Lovecraft - The dream cycle I
July 16, 2020•475 words
I've recently decided to revisit some fiction from H.P. Lovecraft. These days I'm hardly a man of fiction, but Lovecraft has left its mark from my early days of youth with its mysterious and unfathomable worlds. After all this time, some rereading is merited, not for the sake of thrills and story alone, but for a sort of interpretative approach to the metaphysics underlying his strange worlds.
I've chosen to start with the dream cycle, as it is designated a series of short stories and novellas written between 1918 and 1932. These stories have as a common thread a vast dream world in an alternate dimension which is pregnant with otherworldly gods and beings, and which was inspired by Lovecraft's own dreams.
Polaris (1918)
We are told the story of Charles Wain, a man who spends his nights tormented by the light of the pole star upon his chamber. It can be observed the influence from Lovecraft’s interest in astronomy and the vastness of cosmos from his descriptions of the Polaris, Arcturus, Aldebaran and references to Cassiopeia and Coma Berenices constellations.
As time goes by, on nights of the waning moon, Wain drifts into a dream world where he manages to first observe a marble city of towers and walls and domes. Within time, on clouded nights where he manages to sleep, he shifts from an observer to a living participant of this city named Olathoë which is under siege from a race of yellow fiends named Inutos.

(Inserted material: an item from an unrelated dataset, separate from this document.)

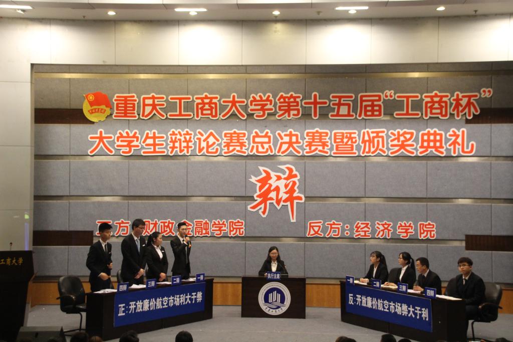 4月7日下午两点,bat365中文官方网站第十五届“工商杯”大学生辩论赛总决赛暨颁奖典礼在博智楼7100隆重举行。bat365与经济学院以“开放廉价航空市场利大于弊还是弊大于利”为辩题展开激烈辩论。团市委宣传部副部长林子琪,重庆邮电大学校辩论队教练齐东文,我校法学院党总支书记李自维,通识学院党总支副书记邹奇,校辩论队教练李长坤应邀担任本次决赛的评委。

Charles Wain being a feeble man given to fainting, is denied a position upon the warriors of the city. As such he's sent to keep vigil from the watch-tower. Fatigued and under a slumber spell from the pole star, he drifts into sleep, only to wake to a world he no longer recognizes as real. He begs to be woken to warn of the impending invasion in the otherworld he now recognizes as the real but is trapped in the world he no longer recognizes as his own.
We are introduced to this alternate dream world, which the main character ends up identifying as more real than the alleged real world. Charles Wain has quite some resemblances to Lovecraft, being a frail man with a feeling of uselessness in battle much as Lovecraft himself did for being unable to participate in World War I.
We are also hinted that this alternate dimension existed in times of old and is not synchronous with current earthly events. This is important to distance the dream world both in space and time, though the two seem to clash and fuse during small periods of time. This is also a world at war with a harsh environment with advancing ice-sheet that forces its inhabitants to move and battle for safe territory and survival.